Hypothyroidism following radiation therapy (RT) for treatment of Head and Neck Cancer (HNC) is a common occurrence. Rates of hypothyroidism following RT for Early Stage Laryngeal Squamous Cell Carcinoma (ES-LSCC) are among the highest. Although routine screening for hypothyroidism is recommended; its optimal schedule has not yet been established. We aim to determine the prevalence and optimal timing of testing for hypothyroidism in ES-LSCC treated with RT.

Method

We conducted a population-based cohort study. Data was extracted from a prospective provincial head and neck cancer database.
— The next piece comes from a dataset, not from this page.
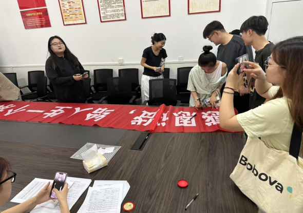 活动尾声,全体毕业生在“感恩还贷,给人生一个承诺”的横幅上签下自己的名字,并合影留念。镜头前,师生们笑容灿烂,定格下这一充满意义的瞬间。合影不仅是对活动的纪念,更象征着同学们即将带着诚信与感恩,踏上新的人生征程。(撰稿:文佩瑶一审:夏浩东二审:曾遴琳三审:谢立新)

Demographic, survival data, and pre- and post-treatment thyroid stimulating hormone (TSH) levels were obtained for patients diagnosed with ES-LSCC from 2008–2012. Inclusion criteria consisted of patients diagnosed clinically with ES-LSCC (T1 or 2, N0, M0) treated with curative intent. Patients were excluded if there was a history of hypothyroidism before the treatment or any previous history of head and neck cancers.

Results

Ninety-five patients were included in this study. Mean age was 66.1 years (range: 44.0–88.0 years) and 82.3 % of patients were male. Glottis was the most common subsite at 77.9 % and the average follow-up was 40 months (Range: 12–56 months). Five-year overall survival generated using the Kaplan-Meier method was 79 %. Incidence of hypothyroidism after RT was found to be 46.9 %. The greatest frequency of developing hypothyroidism was at 12 months.

Conclusions

We found a high prevalence of hypothyroidism for ES-LSCC treated with RT, with the highest rate at 12 months. Consequently, we recommend possible routine screening for hypothyroidism using TSH level starting at 12 months. To our knowledge, this is the first study to suggest the optimal timing for the detection of hypothyroidism.

【 授权许可】

   
2015 Mulholland et al.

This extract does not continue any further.